_Aim of the exercise_. Give the data again in full, without pictures.

_Collected data_.
↓↓↓

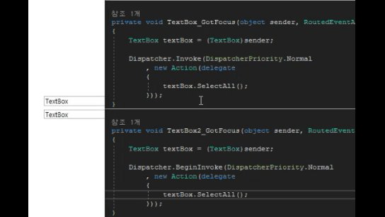 그냥 인보크는 'textBox.SelectAll();'가 동작을 안 하는 것처럼 보이고
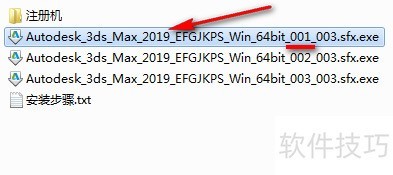 4、 解压后进入文件夹,找到名为Autodesk-3ds-Max-2019-EFGJKPS-Win-64bit-001-003.sfx的文件,三个相似文件中请确认选择编号为001的,双击即可开始运行安装程序。
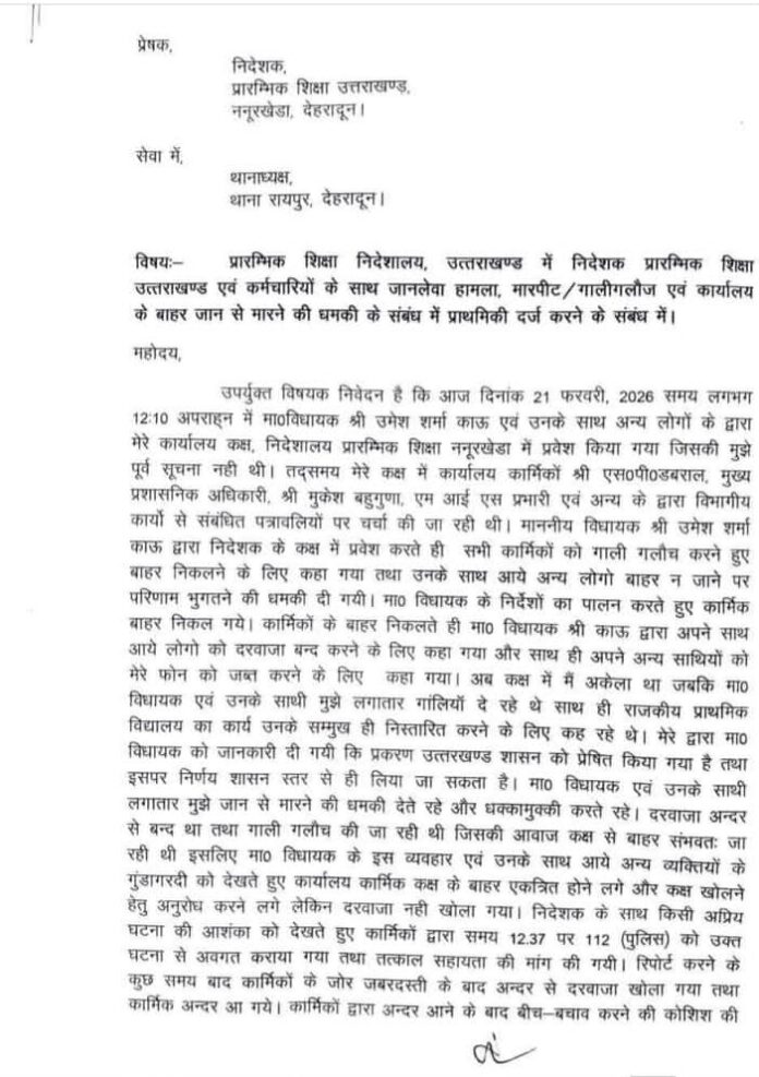 उत्तराखंड प्राथमिक शिक्षा निदेशालय में प्राथमिक शिक्षा निदेशक अजय नौडियाल के साथ हुई मारपीट मामले में पुलिस ने मुकदमा दर्ज कर लिया है। अजय नौडियाल ने इस मामले में रायपुर में तहरीर दी थी। उसी तहरीर का आधार पर पुलिस ने बीजेपी विधायक उमेश शर्मा काऊ और उनके समर्थकों पर मुकदमा दर्ज किया गया है। अजय नौडियाल ने तहरीर में विधायक उमेश शर्मा काऊ और उनके साथ आए लोगों पर कार्यालय में घुसकर मारपीट करने, गाली-गलौज, तोड़फोड़ और जान से मारने की धमकी देने का आरोप लगाया है। अजय नौडियाल की तहरीर का अनुसार शनिवार 21 फरवरी दोपहर करीब 12.10 बजे विधायक उमेश शर्मा काऊ अपने समर्थकों के साथ बिना सूचना के ननूरखेड़ा स्थित प्राथमिक शिक्षा निदेशालय पहुंचे और सीधे उनके कक्ष में प्रवेश कर गये‌।
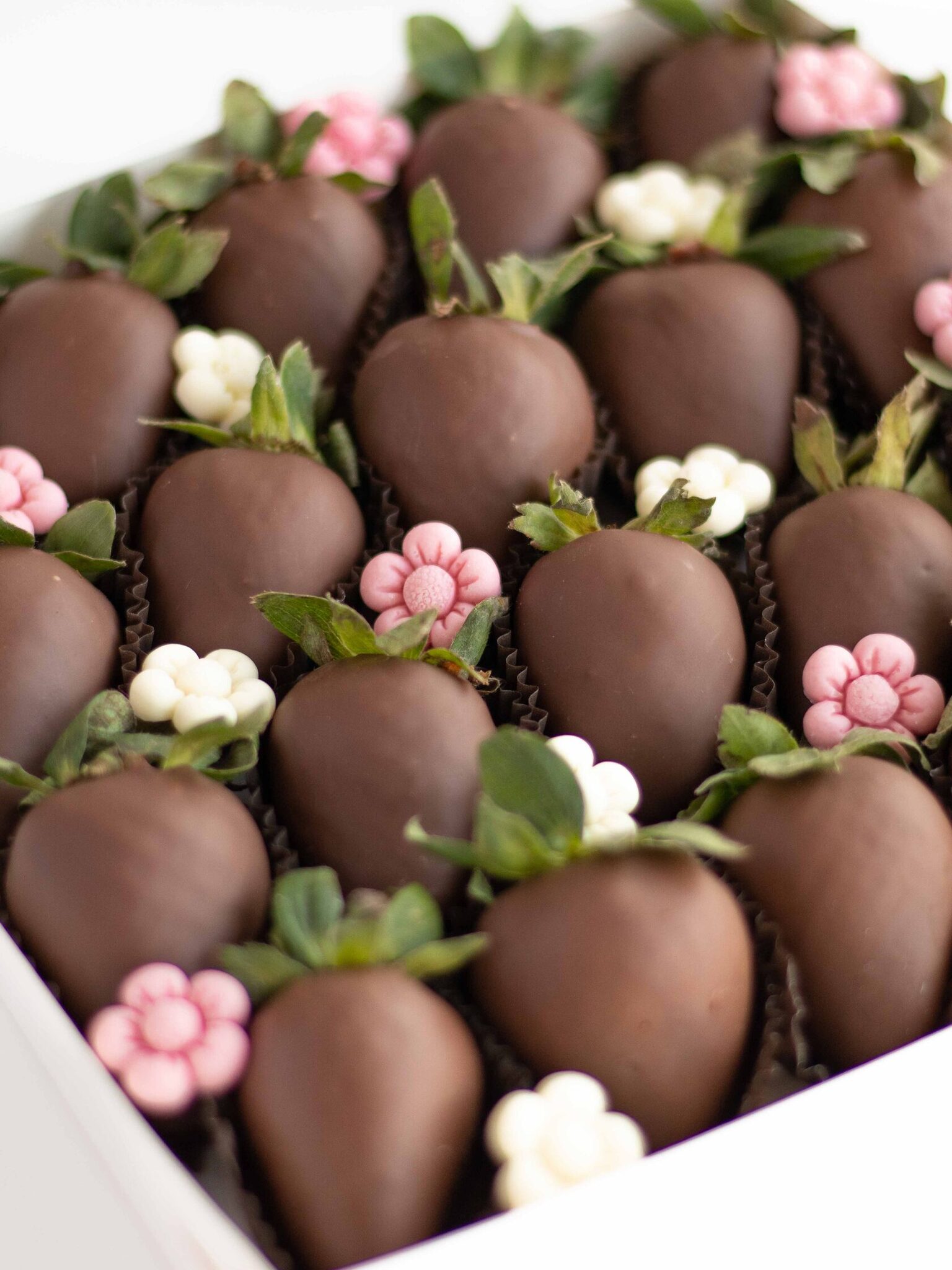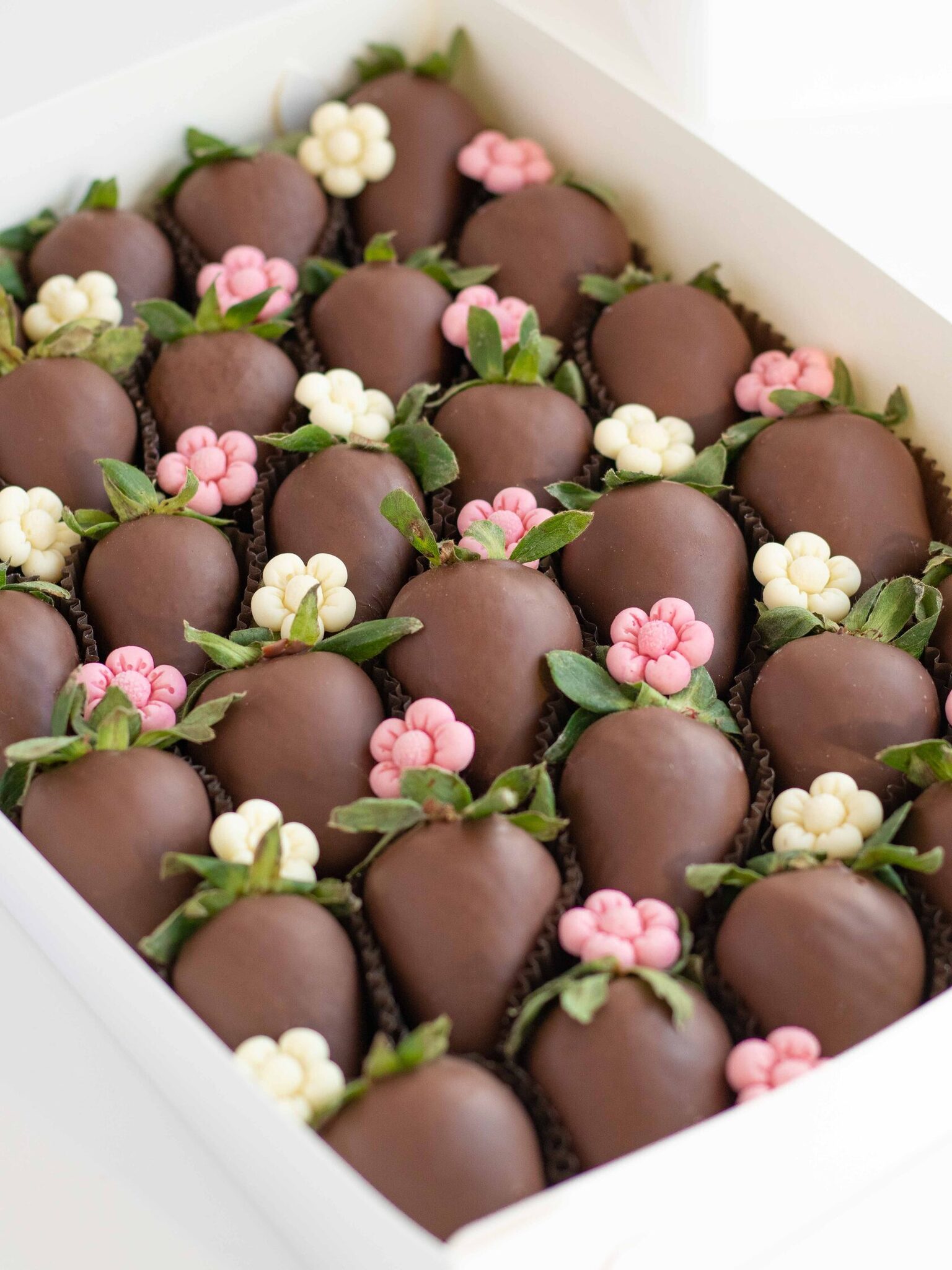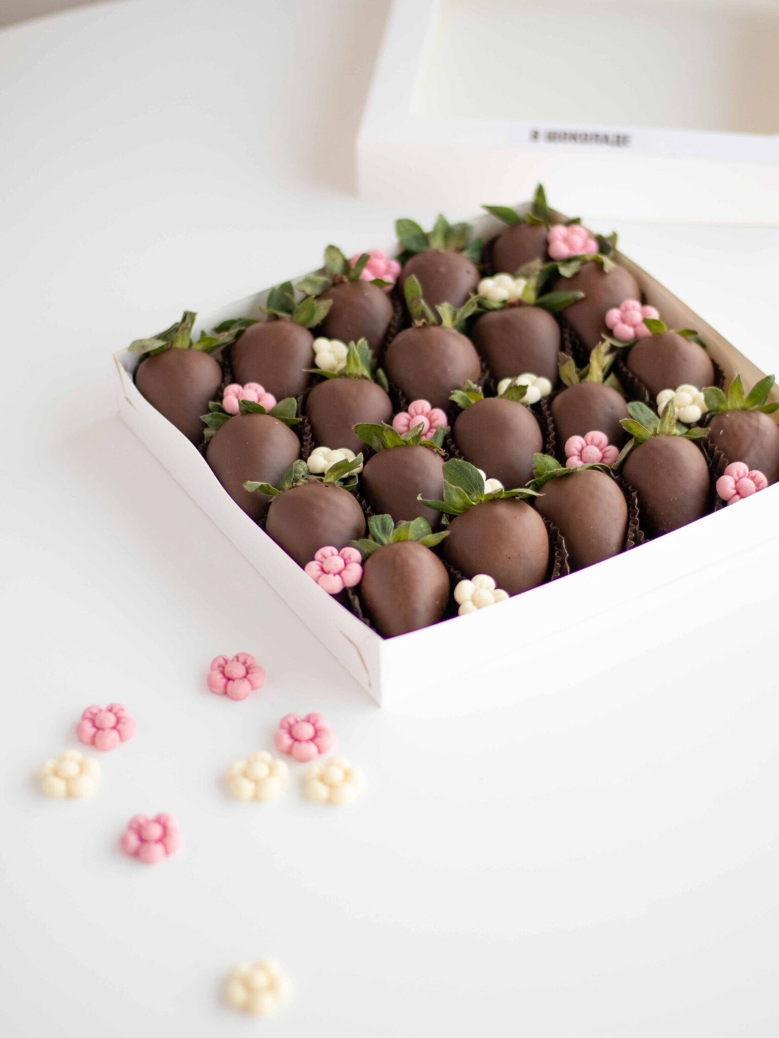 Мы работаем с клубникой сорта «Альбион» (Армения), а зимой - с египетской и греческой. Каждая ягода проходит ручной отбор. Покрываем её бельгийским шоколадом Barry Callebaut и Sicao, не используя глазурь и заменители.

↑↑↑

_Answer section_.
 그냥 인보크는 'textBox.SelectAll();'가 동작을 안 하는 것처럼 보이고
 4、 解压后进入文件夹,找到名为Autodesk-3ds-Max-2019-EFGJKPS-Win-64bit-001-003.sfx的文件,三个相似文件中请确认选择编号为001的,双击即可开始运行安装程序。
 उत्तराखंड प्राथमिक शिक्षा निदेशालय में प्राथमिक शिक्षा निदेशक अजय नौडियाल के साथ हुई मारपीट मामले में पुलिस ने मुकदमा दर्ज कर लिया है। अजय नौडियाल ने इस मामले में रायपुर में तहरीर दी थी। उसी तहरीर का आधार पर पुलिस ने बीजेपी विधायक उमेश शर्मा काऊ और उनके समर्थकों पर मुकदमा दर्ज किया गया है। अजय नौडियाल ने तहरीर में विधायक उमेश शर्मा काऊ और उनके साथ आए लोगों पर कार्यालय में घुसकर मारपीट करने, गाली-गलौज, तोड़फोड़ और जान से मारने की धमकी देने का आरोप लगाया है। अजय नौडियाल की तहरीर का अनुसार शनिवार 21 फरवरी दोपहर करीब 12.10 बजे विधायक उमेश शर्मा काऊ अपने समर्थकों के साथ बिना सूचना के ननूरखेड़ा स्थित प्राथमिक शिक्षा निदेशालय पहुंचे और सीधे उनके कक्ष में प्रवेश कर गये‌।
 Мы работаем с клубникой сорта «Альбион» (Армения), а зимой - с египетской и греческой. Каждая ягода проходит ручной отбор. Покрываем её бельгийским шоколадом Barry Callebaut и Sicao, не используя глазурь и заменители.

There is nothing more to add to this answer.